**What the exercise asks**
Repeat, word for word and with nothing added, each line from the one containing "Odoo provides sales" to the final line of the data, keeping both ends. Pictures are not part of the copy.

**Records excerpted from a collection**
········

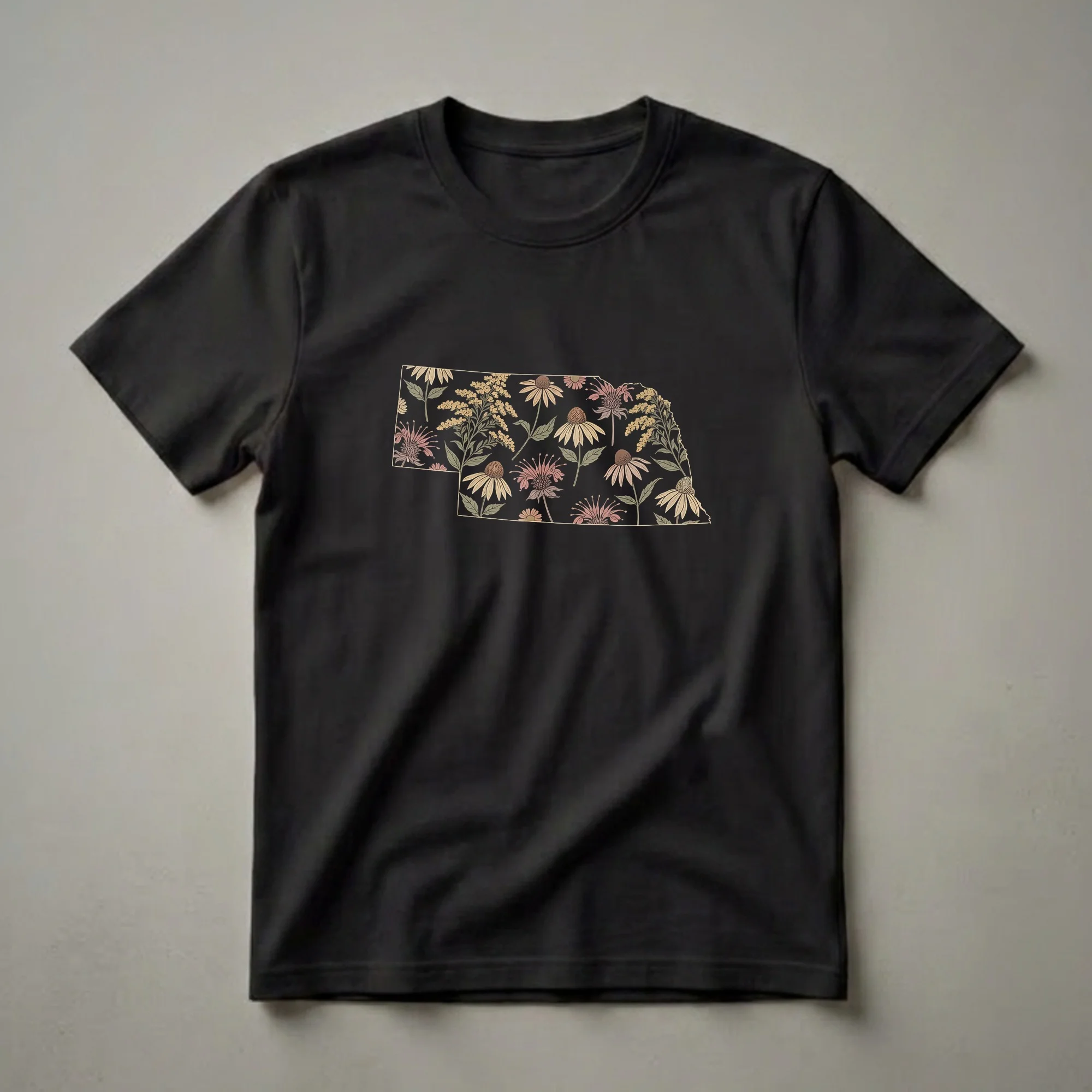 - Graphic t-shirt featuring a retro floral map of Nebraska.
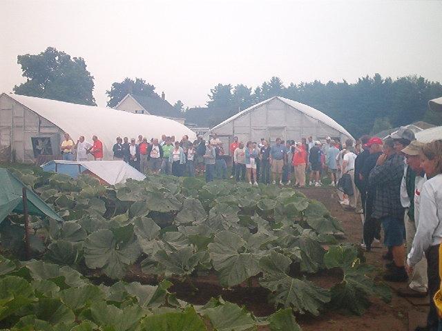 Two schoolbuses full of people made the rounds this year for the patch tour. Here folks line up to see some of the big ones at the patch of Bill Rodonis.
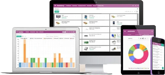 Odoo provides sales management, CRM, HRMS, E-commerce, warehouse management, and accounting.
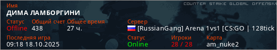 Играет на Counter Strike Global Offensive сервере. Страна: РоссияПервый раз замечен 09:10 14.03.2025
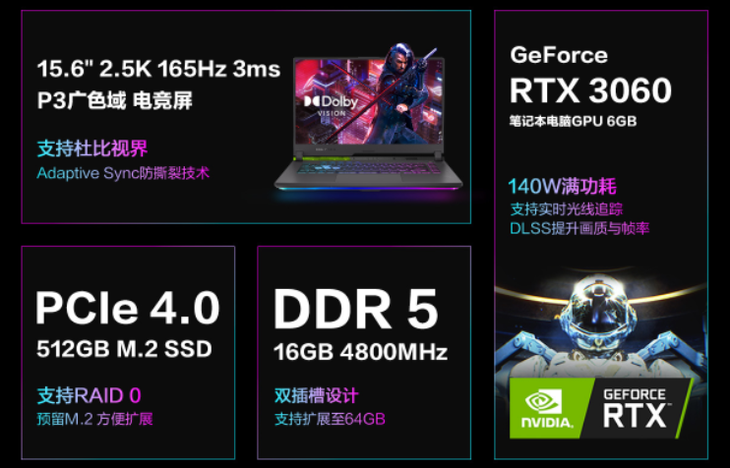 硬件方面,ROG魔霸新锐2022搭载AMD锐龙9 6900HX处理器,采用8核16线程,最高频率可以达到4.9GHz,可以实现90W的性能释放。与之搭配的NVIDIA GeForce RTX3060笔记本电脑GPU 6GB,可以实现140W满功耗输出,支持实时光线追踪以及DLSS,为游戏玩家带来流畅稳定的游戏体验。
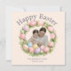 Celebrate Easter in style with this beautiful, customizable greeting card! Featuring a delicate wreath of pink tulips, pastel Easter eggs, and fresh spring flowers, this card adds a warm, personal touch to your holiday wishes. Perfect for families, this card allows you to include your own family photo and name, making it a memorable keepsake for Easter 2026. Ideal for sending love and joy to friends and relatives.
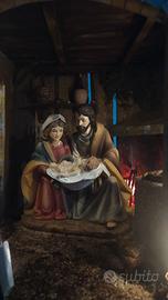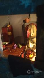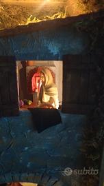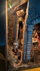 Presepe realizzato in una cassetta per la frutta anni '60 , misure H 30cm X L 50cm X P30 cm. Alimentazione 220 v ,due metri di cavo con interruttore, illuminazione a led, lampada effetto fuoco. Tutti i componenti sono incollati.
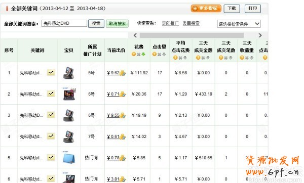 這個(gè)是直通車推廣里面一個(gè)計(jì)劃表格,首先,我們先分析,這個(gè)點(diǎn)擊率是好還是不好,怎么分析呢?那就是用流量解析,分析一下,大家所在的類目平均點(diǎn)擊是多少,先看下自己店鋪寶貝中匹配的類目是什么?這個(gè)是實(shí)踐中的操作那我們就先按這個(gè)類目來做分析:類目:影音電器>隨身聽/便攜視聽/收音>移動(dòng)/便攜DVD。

········

**Task answer**
 Odoo provides sales management, CRM, HRMS, E-commerce, warehouse management, and accounting.
 Играет на Counter Strike Global Offensive сервере. Страна: РоссияПервый раз замечен 09:10 14.03.2025
 硬件方面,ROG魔霸新锐2022搭载AMD锐龙9 6900HX处理器,采用8核16线程,最高频率可以达到4.9GHz,可以实现90W的性能释放。与之搭配的NVIDIA GeForce RTX3060笔记本电脑GPU 6GB,可以实现140W满功耗输出,支持实时光线追踪以及DLSS,为游戏玩家带来流畅稳定的游戏体验。
 Celebrate Easter in style with this beautiful, customizable greeting card! Featuring a delicate wreath of pink tulips, pastel Easter eggs, and fresh spring flowers, this card adds a warm, personal touch to your holiday wishes. Perfect for families, this card allows you to include your own family photo and name, making it a memorable keepsake for Easter 2026. Ideal for sending love and joy to friends and relatives.
 Presepe realizzato in una cassetta per la frutta anni '60 , misure H 30cm X L 50cm X P30 cm. Alimentazione 220 v ,due metri di cavo con interruttore, illuminazione a led, lampada effetto fuoco. Tutti i componenti sono incollati.
 這個(gè)是直通車推廣里面一個(gè)計(jì)劃表格,首先,我們先分析,這個(gè)點(diǎn)擊率是好還是不好,怎么分析呢?那就是用流量解析,分析一下,大家所在的類目平均點(diǎn)擊是多少,先看下自己店鋪寶貝中匹配的類目是什么?這個(gè)是實(shí)踐中的操作那我們就先按這個(gè)類目來做分析:類目:影音電器>隨身聽/便攜視聽/收音>移動(dòng)/便攜DVD。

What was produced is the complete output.